Three scientists behind major hepatitis discoveries awarded Nobel Prize

5 Oct 2020

Image: © Kateryna_Kon/

Harvey J Alter, Michael Houghton and Charles M Rice have been awarded the Nobel Prize in Medicine for their discoveries about blood-borne hepatitis.

Three scientists behind the discoveries that helped us better understand hepatitis C have been awarded the 2020 Nobel Prize in Physiology or Medicine. Harvey J Alter, Michael Houghton and Charles M Rice have made significant contributions to research on blood-borne hepatitis that causes cirrhosis and liver cancer.

The announcement was made today (5 October) by the Royal Swedish Academy of Sciences, which described the three scientists’ work as leading to the identification of the novel hepatitis C virus.

Prior to their work, the existence of hepatitis A and hepatitis B had been established. However, the majority of blood-borne hepatitis cases remained unexplained until the discovery of hepatitis C. Once established, hepatitis C explained the remaining cases of chronic hepatitis and made possible blood tests and new medicines that have saved millions of lives.

Harvey J Alter

Following the discovery of hepatitis B by Baruch Blumberg in the 1960s, Alter was working at the US National Institutes of Health studying the occurrence of hepatitis among patients who received blood transfusions.

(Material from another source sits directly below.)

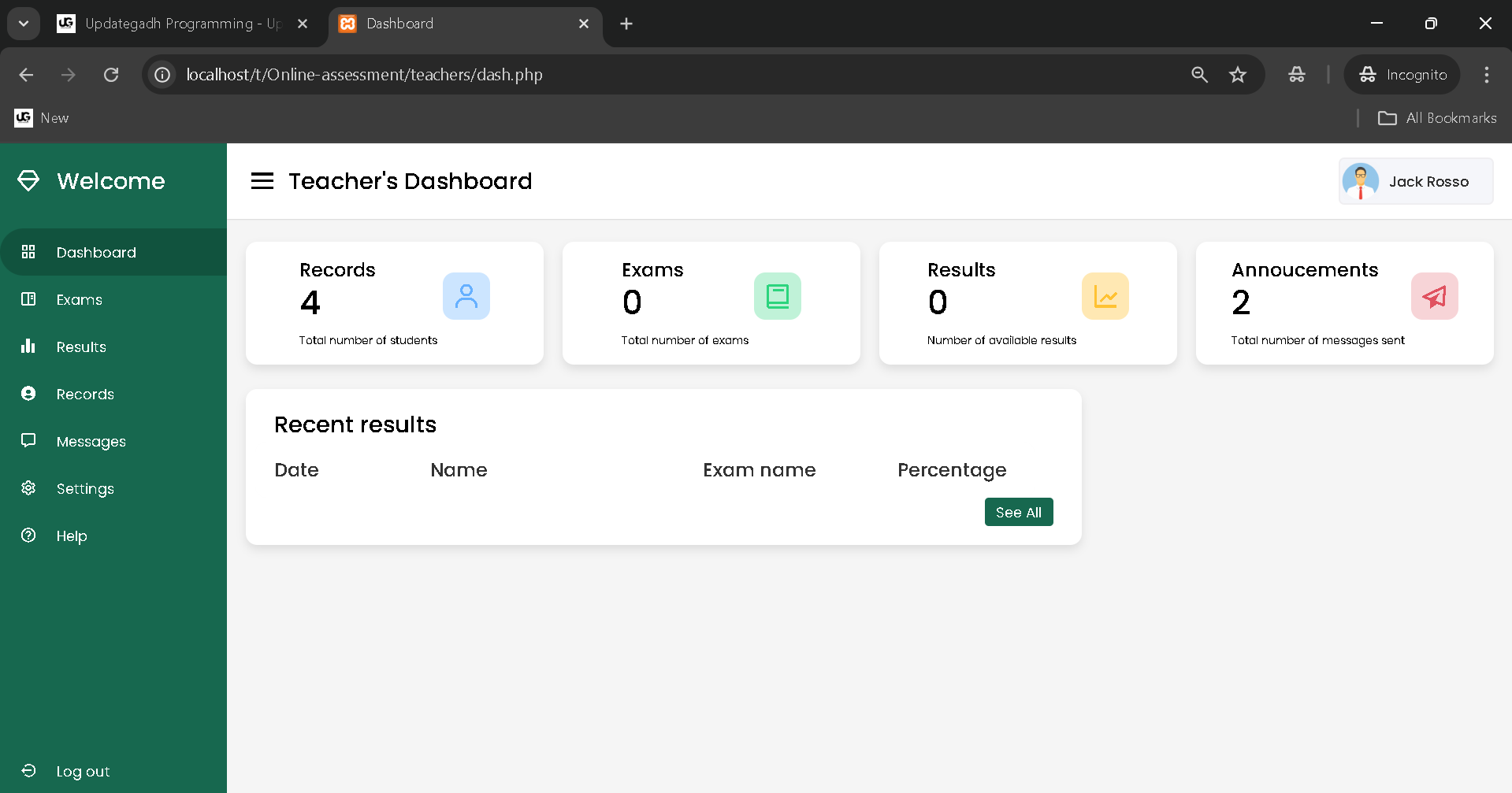 Teachers can view all key statistics in one place, including the total number of exams conducted, results published, recent student performance, and important announcements. - Profile Management

While tests for hepatitis B and hepatitis A helped reduce the number of infections during transfusions, his work suggested there was another mystery virus at work in some cases.

Alter and his colleagues showed that blood from these hepatitis patients could transmit the disease to chimpanzees, the only susceptible host besides humans. Subsequent studies also demonstrated that the unknown infectious agent had the characteristics of a virus that at first was called “non-A, non-B” hepatitis.

Michael Houghton

Working at pharmaceutical firm Chiron, Houghton and his co-workers created a collection of DNA fragments from nucleic acids found in the blood of a chimpanzee infected with the virus.

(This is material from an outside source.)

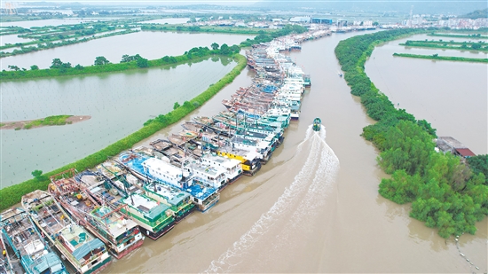 昨日(9月7日),台山市横山渔港停满了回港避风的渔船。 梁锦超 摄

While this showed the majority of the fragments came from the chimpanzee’s genome, some were derived from the unknown virus. On the assumption that antibodies against the virus would be present in blood taken from hepatitis patients, the investigators used patient sera to identify cloned viral DNA fragments encoding viral proteins.

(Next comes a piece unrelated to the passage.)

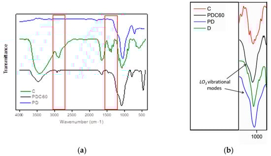 In Figure 4a, the FTIR spectra related to C, PD and PDC60 are reported. As observed, generally, the PD and PDC60 spectra highlighted the characteristic peaks of their main components (diatomite and chitosan), which indicates that chitosan was well embedded on diatomite structure. In addition, in Figure 4b) the FTIR spectra of PD and PDC60 in the range 900–1200 cm−1 are analyzed and compared with their constituent, D and C, in the 900–1200 cm−1. It is possible to observe that (as aforementioned reported) the D sample showed a broad absorption peak centered at 1070 cm−1 frequency that was assigned to the Si–O–Si asymmetric stretching peaks typical of silicate species [9,31,32]. The PD and PDC60 systems evidenced, in addition to the main band centered at 1050 cm−1 for the PD and 1081 cm−1 for PDC60, a further shoulder located around 1215 cm−1 ascribed to specific vibrational modes (namely, LO3 modes: Si–O–Si asymmetric stretching [9,40] means that the structure is highly crosslinked [40,41]).

Eventually, one positive clone was found and would eventually be shown to be derived from a novel RNA virus belonging to the Flavivirus family and dubbed hepatitis C.

Charles M Rice

After the virus was discovered and named, Rice was working at Washington University and discovered a previously uncharacterised region in the end of the hepatitis C virus genome. Suspecting it to be important to virus replications, he and his team observed genetic variations in virus samples that may have played a part in it spreading.

Through genetic engineering, Rice generated an RNA variant of hepatitis C virus that included the newly defined region of the viral genome and was devoid of the inactivating genetic variations. When injected into the liver of chimpanzees, the virus was shown to resemble its effects in humans with the chronic disease.

This helped prove hepatitis C virus alone could cause the unexplained cases of transfusion-mediated hepatitis. Thanks to their discoveries, highly sensitive blood tests for the virus are now available and these have essentially eliminated post-transfusion hepatitis in many parts of the world and allowed for the rapid development of targeted antiviral drugs.

Commenting on his contribution to the discovery, Alter said: “To see so many people get cured is astounding.”